Christoph, your Acoustats sound better in your small room, yours is among the top two small rooms I heard, and it takes a load of money to get past that, often taking people in the wrong direction.
That said, the other top room (Lissnr's) is an apogee duetta. Also, your Acoustats, when we brought them down, did not sound the same.
And here we are discussing what's best, and I prefer big apogees bass to any horn I have heard.
I get Bonzos experience between the fundamental difference between horn bass and the kind of bass the big Apogees deliver. For me the Apogees bottom end is a high distinction.
I am drawn to a pure approach in speaker design. Having all drivers the same type and material pays benefit in terms of overall coherency. That choice comes with a price and set its own limitations. No one speaker type is perfect, no one material type is absolutely ideal. But every choice is a compromise in the end so that's all cool, especially once you get over the idea of obtaining unobtainium and that a universal perfect is an ideal and not an actuality.

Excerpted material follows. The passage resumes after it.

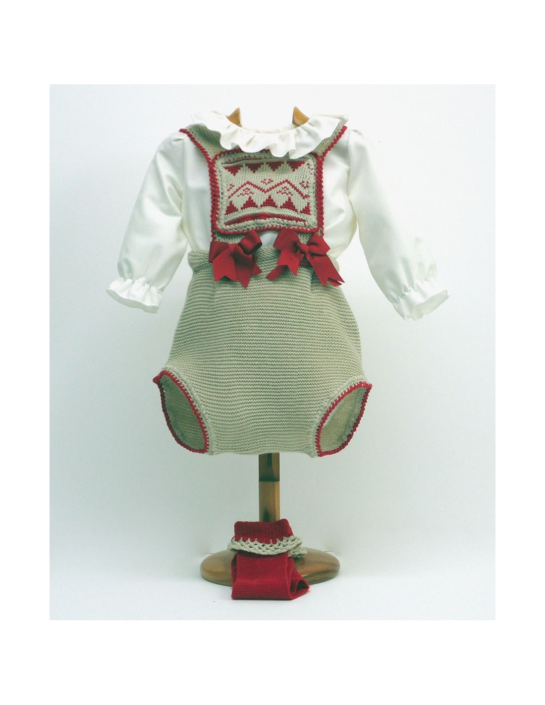 Conjunto de ranita, peto con cenefa y lazos , camisa de viyela y calcetin largo a juego, en color único camel/rojo. Si deseas otra combinación puedes contactarnos en el 984491254.

That said, the nature of the bass that full range larger ribbons can do is something special and rather than just saying it's better I'll just try and describe it as best I can.
Most setups I have heard in some way trip over and don't manage to get an expressive, alive nature to the bass and then in both linear terms, from bottom to top and also in spirit carry this out through the range to make it have a seamless unified perceptual quality with everything seeming whole, complete and unwavering.
It's the coherence and agility of the bass foundation in full panels of ribbon that makes for me a potentially more engaging connection to the qualities of the sound of the music above.
It's nature is unlike any sealed or ported bass that I've heard.
Great bass moves with the music rather than having a static quality to it that comes about when the bass is presented as just too solid.
Ribbon bass has a fluid and lithe nature that seems effortless and keeps pace with the tune. This quality makes enjoying virtually any music type accessible and is preferable in nature for me and reflective of what I hear in real musical performance. It has a poised balance of grace and authority, is not unnecessarily emphatic or strident, and manages to reflect a more natural attack and decay relationship. It is good to dance to.
Speakers that have a blended approach to drivers, where the bass speaker type is fundamentally a different type to the upper range eg. mixing point source with line source, or part dipole, or a rear loaded bass with a front firing mid and tweeter in horns, or just even where the driver material is a mire of mix and match, say paper drivers with either composite or metal is going to have potential impacts on overall coherency. Not to say their aren't benefits in this approach but generally coherence isn't one of those benefits. The more different we make things the less likely they are alike. They can be complimentary but they are not the same. Experiencing presence in music for me is about union rather than separation. The music needs to be whole before we can be one with it.
Not to say that any one approach is going to give you the best outcome in every aspect of music and sound but just that there is always going to be a compromise in which ever route we take.